His shoulder was free. He heard steps tiptoeing away behind him. On a sigh of readiness from the audience, he walked center stage.

Here, he was as brief as she’d asked him to be, outlining what was known of her disappearance, topped by some remarks in stock encomium style, most of them in the program already. This was in order. There wasn’t a wet eye in the house—never was, at these things—but no one snickered. And when forewarned of the probable length of the “reading,” nobody got up to leave.

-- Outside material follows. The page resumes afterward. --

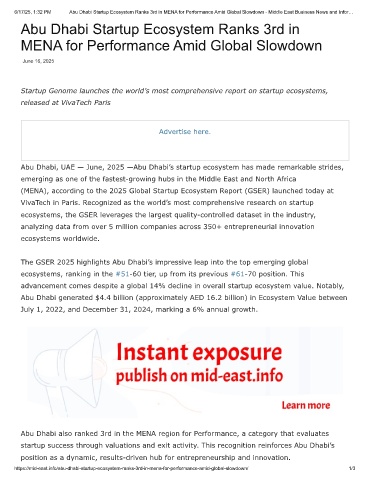 6/17/25, 1:32 PM Abu Dhabi Startup Ecosystem Ranks 3rd in MENA for Performance Amid Global Slowdown - Middle East Business News and Infor…
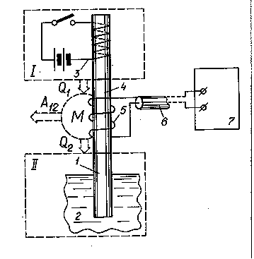 Описание 01 Результат выполнения научно-исследовательской работы. Способ предназначен для измерения отрицательной абсолютной температуры, определяемой как параметр в распределении Больцмана, оптически активной среды лазера или мазера с тепловым возбуждением. Способ может быть использован в квантовой теплофизике, квантовой электронике, оптике. Суть предлагаемого способа состоит в следующем. Заметим, что оптически активная среда образуется частицами (ядрами, атомами, молекулами), обладающими квантуемыми степенями свободы. Взаимодействуя через эти степени свободы, частицы образуют макроскопические квантовые системы (МКС). Возбуждение МКС трехуровневого теплового лазера (мазера) происходит в результате двух последовательных тепловых контактов этой системы с нагревателем с температурой Т1 и холодильником с температурой Т2 (Т1, > Т2, > 0). В результате в МКС устанавливается инверсное (обращенное) распределение частиц по энергетическим уровням, описываемое отрицательной абсолютной температурой Т3. Значение температур Т1 и Т2 измеряется любым способом, доступным для данного диапазона температур, например, с помощью платинового термометра сопротивления. Величина температуры Т3, определяется из формулы Т3 = Т2/(1-((v13/v21)*((t1-t2)/t1))), где v13 - частота кванта теплового излучения, фотона, поглощение которого частицей оптически активной среды переводит ее на верхний энергетический уровень, v21 - частота лазерного перехода (частота генерируемого электромагнитного излучения). Если температура верхнего источника теплоты t1 является величиной фиксированной, то процедура измерения t3 сводится к измерению температуры нижнего резервуара t2. При фиксированном значении Т2 измеряемой величиной оказывается температура нагревателя t1. Рассмотрим пример реализации предлагаемого способа. Тепловой трехуровневый мазер (Е.О. schulz-du-bois, h.e. scovil, патент США № 3015072, приоритет от 26.12.1961) осуществляет прямое преобразование энергии тепловых колебаний в энергию когерентного электромагнитного излучения. Он состоит из цилиндрического стерня 1 (рис.1), погруженного одним концом в жидкий гелий 2, охлажденный до температуры Т2= 1,5 Кельвина. Температура верхнего конца стержня с помощью электронагревателя поддерживается на уровне t1 = 20 Кельвинов. Стержень является одноосным монокри-сталлом корунда (А1203) с присадкой хрома. Парамагнитные ионы хрома cr 3+ распределены не по всему объему стержня, а лишь в его средней части 4 с концентрацией 0,05 %. Имея электронный спин 3/2, ионы хрома образуют спин систему (МКС) из трех энергетических уровней, пригодную во внешнем перпендикулярно ориентированном по отношению к оси кристалла магнитном поле напряженностью 2 кэ и при температуре t2= 1,5 Кельвина для осуществления генерации микроволнового электромагнитного излучения с частотой v21=1420 Мгц. С помощью индукционной катушки 5 и коаксиального кабеля 6 осуществляется вывод генерируемого электромагнитного излучения или связь теплового мазера, работающего в режиме усилителя, с генератором 7 этого типа излучения. Описанное устройство осуществляет преобразование взятой из резервуара i при температуре t1 тепловой энергии q1, в квантовомеханическую работу. В резервуар ii при температуре t2 (к нижнему концу стержня) передается тепловая энергия q2. Квантовомеханическая работа А12 = q1 - q2 затрачивается на

In conclusion, he gave them their part of her letter, an equally stock
ave atque vale
effusion of the sort which only the dead and the living dare exchange. Doing so, he saw how cleverly she’d managed to sink, in all this redundancy, almost no fact. Any auditor must take as official what was all so bloody conventional; even the provost must be relievedly thinking that, as so often happens at universities, everything had already been authenticated—somewhere else. For, cleverest of all, she’d managed, without precisely saying so, to attach the object to Jamison himself. It now had the beautiful, secret authenticity of the one trove which that generous man hadn’t been able to relinquish, its origin as open to their surmise as that of a bottle picked up at sea—or from the ziggurat of Babylon, or the pithoi of Knossos—by a hand much more securely dead than hers, and one in life a member of the National Academy.

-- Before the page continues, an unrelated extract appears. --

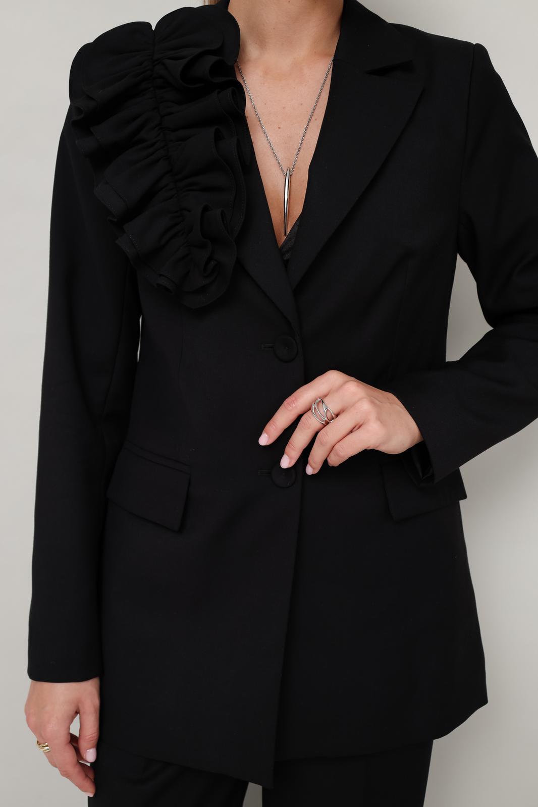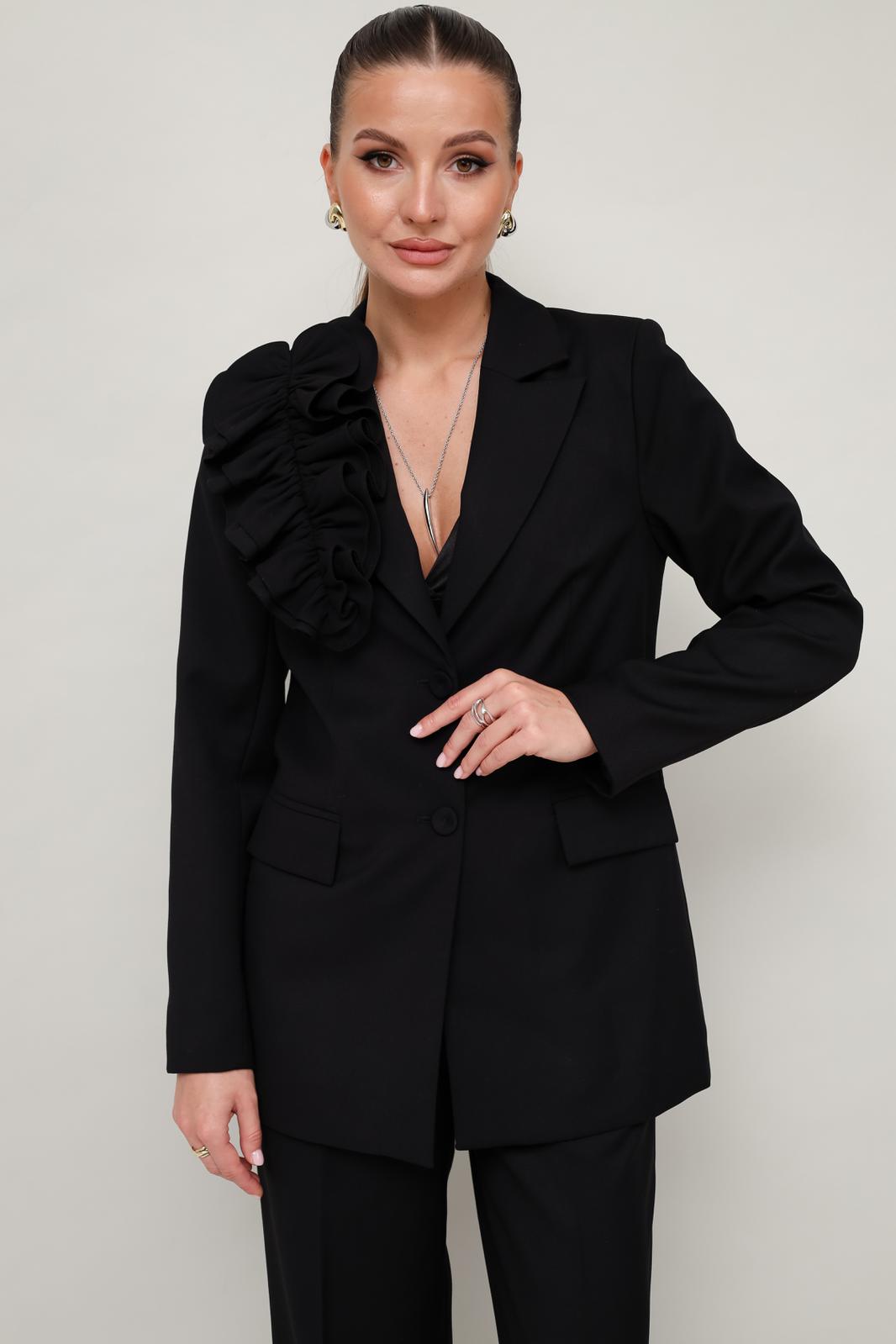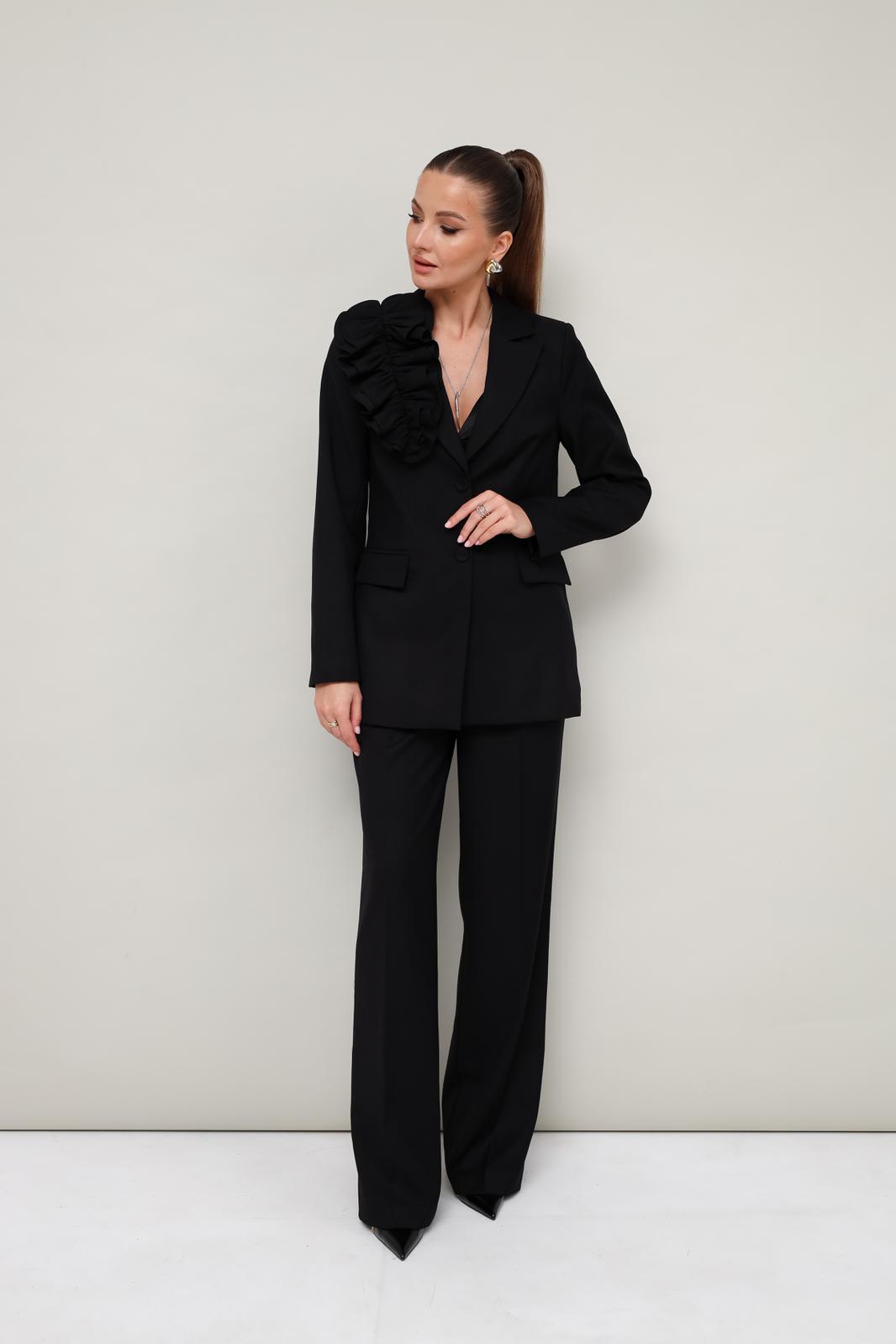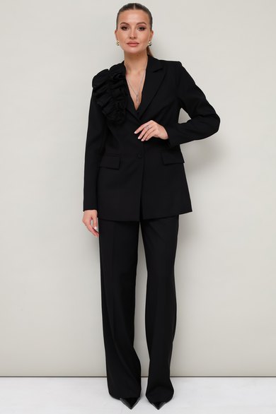 Эффектный 2-предметный комплект,состоящий из жакета и брюк, выполненный из костюмной ткани. Жакет женский

And now, as per instruction, a stenographer, previously alerted, tripped up to the platform on signal and seated herself with pad and pencil in a chair set at a discreet distance.
Tape won’t do,
the letter had said.
Nothing electrical. And make it a girl.
One of the younger departmental staff, the secretary had a head as pretty as a painted bead. Inclined forward within that wimple of her trade, the round collar, it lent the object a final halo, as in those charades the onlookers were already so well trained to—she might have been leaning toward a dreadnought, or a tube of shaving cream. Her expression was just right for either. There was just enough room between her and it for Linhouse to get by.